A pressure switch may be used to switch off the pump once the predetermined pressure has been achieved. In practice, this means that the bellows inflate to a certain pressure and the pump turn off. After the waste has been compressed for a while the pressure drops as the waste becomes compressed and the pump switches on once more.

FIG. 16a and FIG. 16b are a cross section and a perspective cross section respectively showing the bellows 20 in a partially extended configuration. FIG. 16b and FIG. 16c are a cross section and a perspective cross section respectively showing the bellows 20 in a fully extended configuration.

As mentioned previously the pump will not operate if the plunger casing is not sensed by the sensor 23.

After the compaction cycle is complete the pump operates in reverse, the bellows deflates and the plunger retracts into the lid. Once the plunger has retracted fully, the pneumatically operated hooks release the bin lid in order that it may be opened once more.

An advantage of the waste compactor is that it is easily scaleable. It can be housed in a conventional domestic waste bin, or it can housed in any hollow, sealable container. It can be made larger for commercial use, such as for disposal of packaging in a fast food outlet where large amounts of compressible waste is produced. It can also be made smaller if desired. The waste compactor uses very little power typically around 22 Watts.

It will be understood by those skilled in the art that a number of modification may be made to the embodiment described above without departing from the scope of the invention as defined in the appended claims.

Claims

1. A waste compaction unit for fitting into a housing comprising a lid and an interior for collecting waste, the compaction unit comprising

a plunger comprising bellows housable in said lid; a pump connectable to the plunger; and

a compaction tube arrangeable to partially extend into the bin interior

wherein the pump is arranged in operation to inflate the bellows to extend the plunger axially along the compactor tube towards the interior such that any waste collected therein is compacted.

2. A waste compaction unit according to claim 1 in which the plunger further comprises a removable protective end to protect the bellows during waste compaction;

3. A waste compaction unit according to claim 2, in which the pump is disabled if the protective end is not attached to the bellows.

4. A waste compaction unit according to claim 3, in which a sensor housed in the lid detects the presence of the protective end.

5. A waste compaction unit according to claim 1, in which the compactor tube has at least one bin liner tab for attaching a bin liner to the outside of the compactor tube.

6. A waste compaction unit according to claim 1, in which the pump is arranged to have two modes of operation, a first mode where the pump operates for a brief period of time and a second mode where the pump operates for a prolonged period of time.

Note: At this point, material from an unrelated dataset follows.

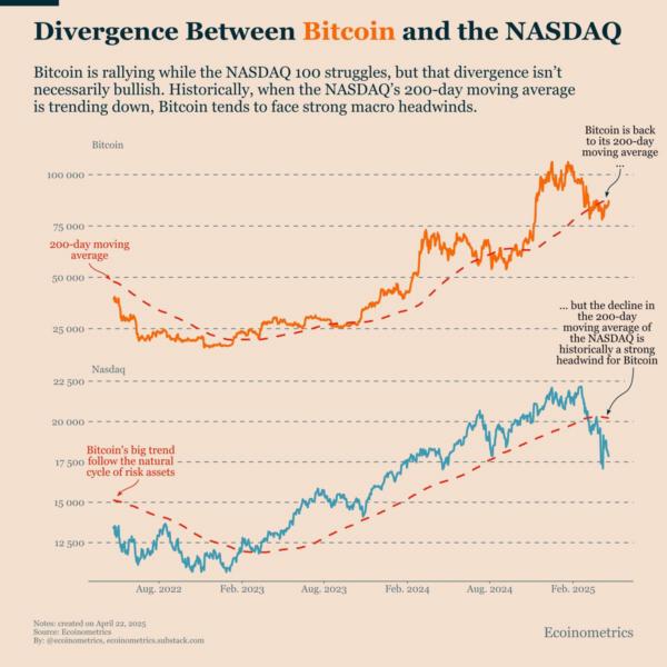 Tuur Demeester, penasihat Blockstream, menunjukkan satu lagi divergensi: bitcoin telah berhenti mengikuti indeks NASDAQ, yang mencerminkan saham perusahaan teknologi. Sebelumnya, bitcoin sering bergerak searah dengan NASDAQ karena hubungan dengan teknologi dan suasana umum di pasar. Pada bulan April tahun ini, semuanya berubah, dan para ahli menganggap ini sebagai sinyal positif. Namun, tidak semua orang setuju dengan pendapat ini. Misalnya, platform Ecoinometrics memegang pandangan yang berlawanan.

7. A waste compaction unit according to claim 6, wherein in the second mode the pump operates until a predetermined pressure has been reached within the bellows.

8. A waste compaction unit according to claim 1, further comprising

a pneumatic locking mechanism housed in said lid;

wherein the pump is configured in operation to activate the pneumatic locking mechanism prior to inflating the bellows.

9. A waste compaction unit according to claim 8, wherein the lid is arranged to move axially when the bellows inflate in order to improve the effectiveness of the locking mechanism.